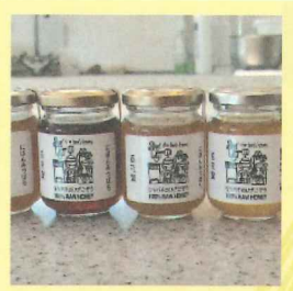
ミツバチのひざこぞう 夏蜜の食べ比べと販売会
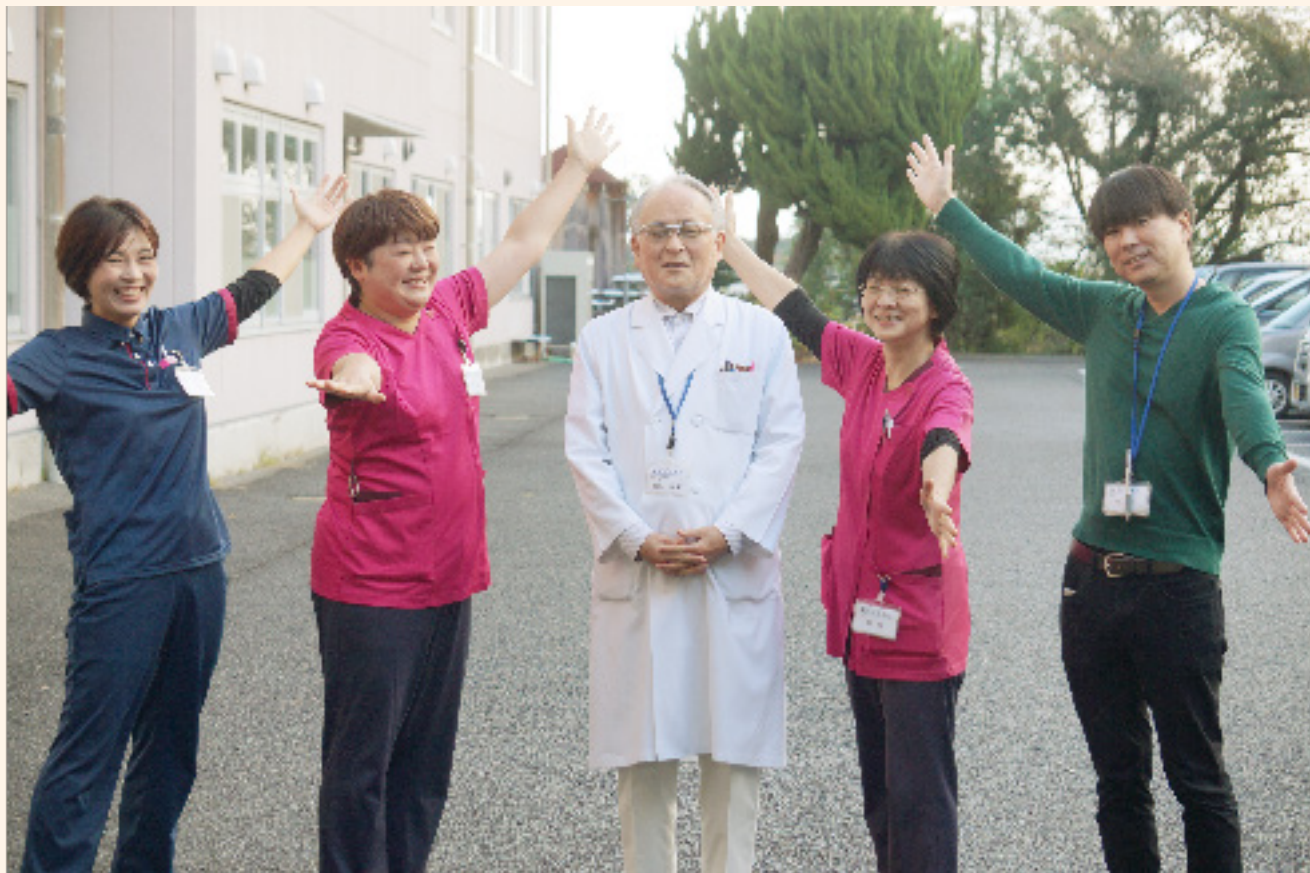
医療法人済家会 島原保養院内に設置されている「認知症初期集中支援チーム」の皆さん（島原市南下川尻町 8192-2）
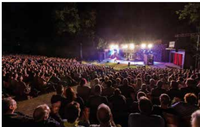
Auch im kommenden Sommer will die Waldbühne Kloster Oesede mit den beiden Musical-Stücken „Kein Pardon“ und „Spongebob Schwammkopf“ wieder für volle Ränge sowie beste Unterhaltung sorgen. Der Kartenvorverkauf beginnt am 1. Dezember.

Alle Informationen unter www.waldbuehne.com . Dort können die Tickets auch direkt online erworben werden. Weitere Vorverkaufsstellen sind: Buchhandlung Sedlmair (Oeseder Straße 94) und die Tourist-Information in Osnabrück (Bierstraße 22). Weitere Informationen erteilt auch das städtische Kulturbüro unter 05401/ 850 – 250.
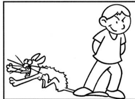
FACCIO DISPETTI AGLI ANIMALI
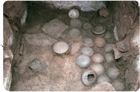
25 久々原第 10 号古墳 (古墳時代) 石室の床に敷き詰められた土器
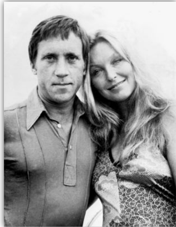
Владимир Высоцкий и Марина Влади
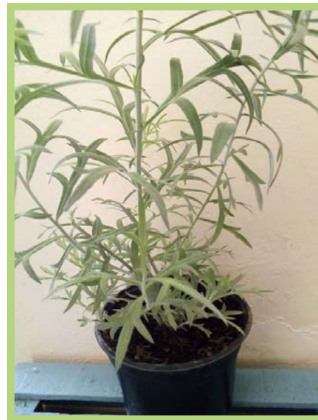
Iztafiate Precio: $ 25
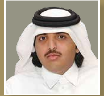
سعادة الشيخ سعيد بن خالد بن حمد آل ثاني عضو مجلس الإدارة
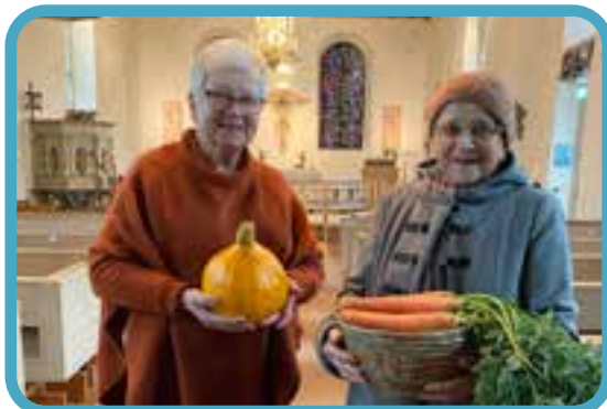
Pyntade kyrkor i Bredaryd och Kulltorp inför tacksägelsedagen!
===============
The records above are to be repeated exactly, with the pictures left out.

ミツバチのひざこぞう 夏蜜の食べ比べと販売会
医療法人済家会 島原保養院内に設置されている「認知症初期集中支援チーム」の皆さん（島原市南下川尻町 8192-2）
Auch im kommenden Sommer will die Waldbühne Kloster Oesede mit den beiden Musical-Stücken „Kein Pardon“ und „Spongebob Schwammkopf“ wieder für volle Ränge sowie beste Unterhaltung sorgen. Der Kartenvorverkauf beginnt am 1. Dezember.

Alle Informationen unter www.waldbuehne.com . Dort können die Tickets auch direkt online erworben werden. Weitere Vorverkaufsstellen sind: Buchhandlung Sedlmair (Oeseder Straße 94) und die Tourist-Information in Osnabrück (Bierstraße 22). Weitere Informationen erteilt auch das städtische Kulturbüro unter 05401/ 850 – 250.
FACCIO DISPETTI AGLI ANIMALI
25 久々原第 10 号古墳 (古墳時代) 石室の床に敷き詰められた土器
Владимир Высоцкий и Марина Влади
Iztafiate Precio: $ 25
سعادة الشيخ سعيد بن خالد بن حمد آل ثاني عضو مجلس الإدارة
Pyntade kyrkor i Bredaryd och Kulltorp inför tacksägelsedagen!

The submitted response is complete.